ガスパール・カサドと言えば伝説のピアニストと言われる原智恵子の夫であり、さらにはカザルスの弟子としても有名なチェリストでした。しかし、チェリストとしてはどうしても師であるカザルスの陰に隠れてしまって影が薄いと言わざるを得ません。
しかし、残された録音を聞いてみると、その骨太の音楽はまさにカザルス直系を思わせます。
そして、一番興味深く感じたのは、その独特のチェロの音色です。ただし、楽器の音色などと言うものは録音というバイアスがかかってしまうと何処まで正確に判断できるかは怪しいのですが、それでも同時代のどのチェリストとも異なる独特な音色の持ち主だったようなのです。

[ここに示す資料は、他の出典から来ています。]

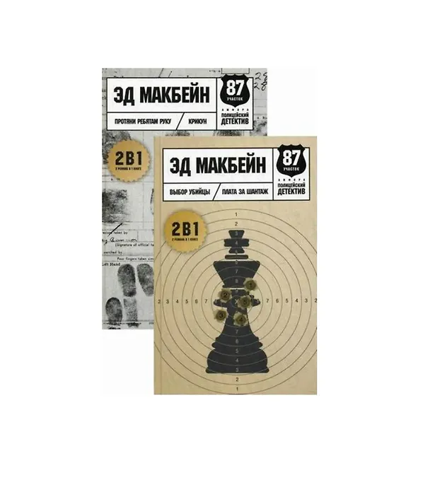 Комплект "Лучшие детективы мира" содержит книги:  "Выбор убийцы"  В это издание вошли романы "Выбор убийцы" и "Плата за шантаж", продолжающие серию историй о сыщиках из легендарного 87-го участка.  "Протяни ребятам руку"  В это издание вошли романы "Протяни ребятам руку" и "Крикун", продолжающие серию историй о сыщиках из легендарного 87-го участка.
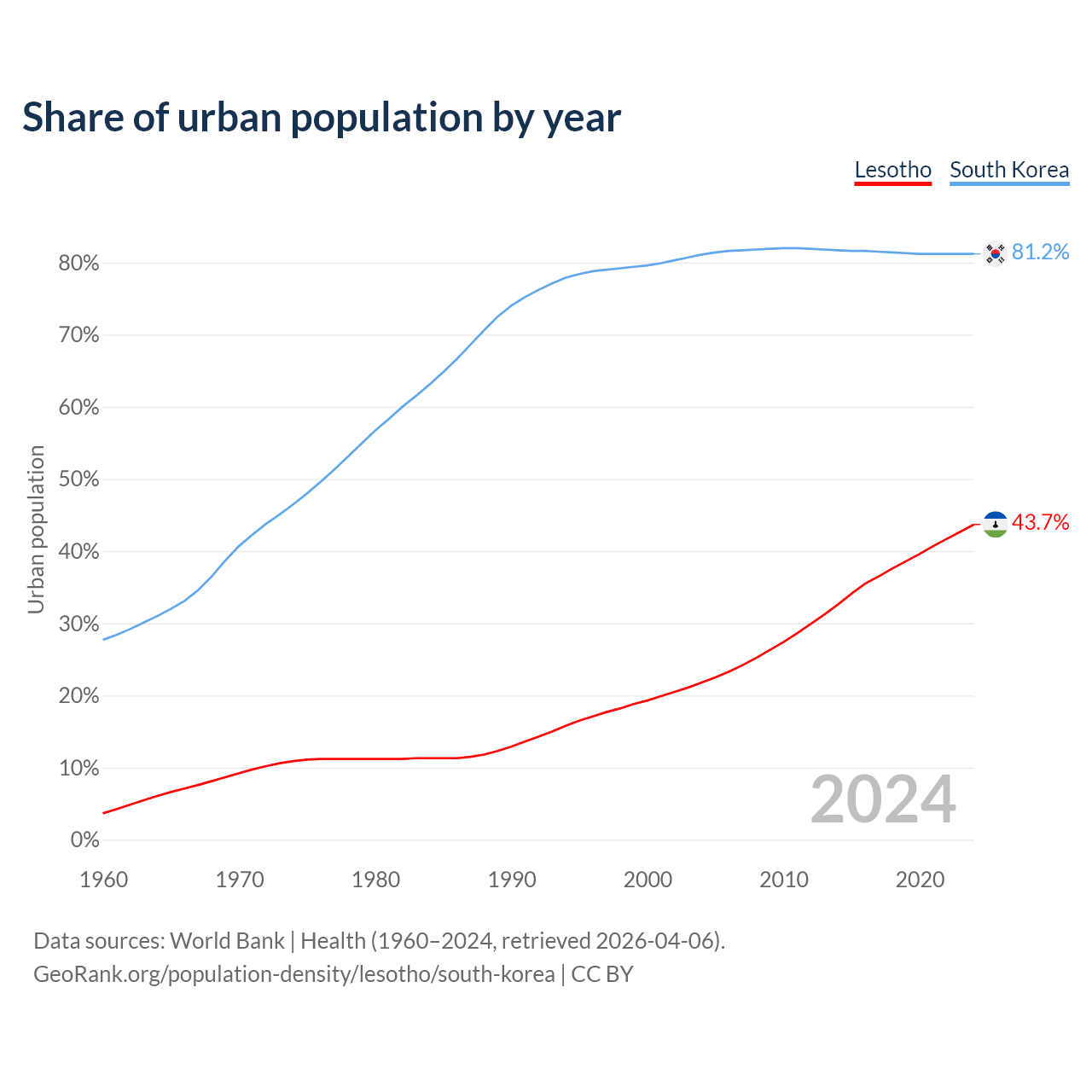 From 2004 to 2024, the share of urban population changed from 21.8% to 43.7% in Lesotho and from 81.1% to 81.2% in South Korea.

それは、おかしな話なのですが、そのチェロの音を聞いて真っ先に思い浮かんだのが宮沢賢治の「セロ弾きのゴーシュ」でした。
あれは、下手くそなセロ弾きのゴーシュが、いろいろな動物たちの訪れを通して成長していく物語なのですが、その中に病気の子供を連れてくる野ねずみのお母さんがいました。

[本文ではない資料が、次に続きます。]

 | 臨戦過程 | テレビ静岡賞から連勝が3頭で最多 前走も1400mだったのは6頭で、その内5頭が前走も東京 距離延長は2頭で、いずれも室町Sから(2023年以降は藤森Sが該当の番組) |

すると野鼠のねずみのお母さんは泣きだしてしまいました。
「ああこの児こはどうせ病気になるならもっと早くなればよかった。さっきまであれ位ごうごうと鳴らしておいでになったのに、病気になるといっしょにぴたっと音がとまってもうあとはいくらおねがいしても鳴らしてくださらないなんて。何てふしあわせな子どもだろう。」

ゴーシュはびっくりして叫さけびました。
「何だと、ぼくがセロを弾けばみみずくや兎の病気がなおると。どういうわけだ。それは。」

野ねずみは眼を片手でこすりこすり云いました。
「はい、ここらのものは病気になるとみんな先生のおうちの床下にはいって療すのでございます。」
「すると療るのか。」
「はい。からだ中とても血のまわりがよくなって大へんいい気持ちですぐ療る方もあればうちへ帰ってから療る方もあります。」
「ああそうか。おれのセロの音がごうごうひびくと、それがあんまの代りになっておまえたちの病気がなおるというのか。よし。わかったよ。やってやろう。」


少し引用が長くなりましたが、この「さっきまであれ位ごうごうと鳴らしておいでになったのに」とか、「おれのセロの音がごうごうひびくと」という表現がこれほどピッタリくるチェロの響きは他にはないのです。
ただし、カサドはゴーシュのような下手なセロ弾きではないので、そのごうごうとなるような響きでもってバッハの対位法を見事に表現しきっています。そして、そこにカザルス譲りの雄大なスケールが付け加わるのです。

振り返ってみれば、この時代は実にチェリスト多産の時代でした。

まずは大御所のカザルスは存命で、指揮活動との両輪で未だに現役でした。
さらに、豪快なシュタルケル、美音系の貴公子フルニエなども全盛期でした。
それ以外に、思いつくだけでも、トルトゥリエ、ナヴァラ、ピアティゴルスキー、ジャンドロン、マイナルディ、さらにヤニグロも指揮活動に重点をおくのはこれよりも先の時代でした。
そして、若きロストロポーヴィチにデュ・プレなどが登場してくるのもこの時代でした。

これ以上名前を挙げていくのも煩わしいので避けますが、カサドはその誰とも似通っていないように思うのです。
それでも誰に一番似ているかと聞かれれば、それはやはりカザルスに似ていると言わざるを得ないのです。
ボーイングや運指のテクニックが非常に高いので、カザルスのような「像のダンス」のようにはならないのですが、それでもどこか無骨なところがあって、それが野武士のような雰囲気を感じさせるのです。

1957年の録音であるにもかかわらずモノラルというのが少し残念ですが、チェロ一挺の音楽ならば、下手なステレオ録音よりもこの方が好ましいかもしれません。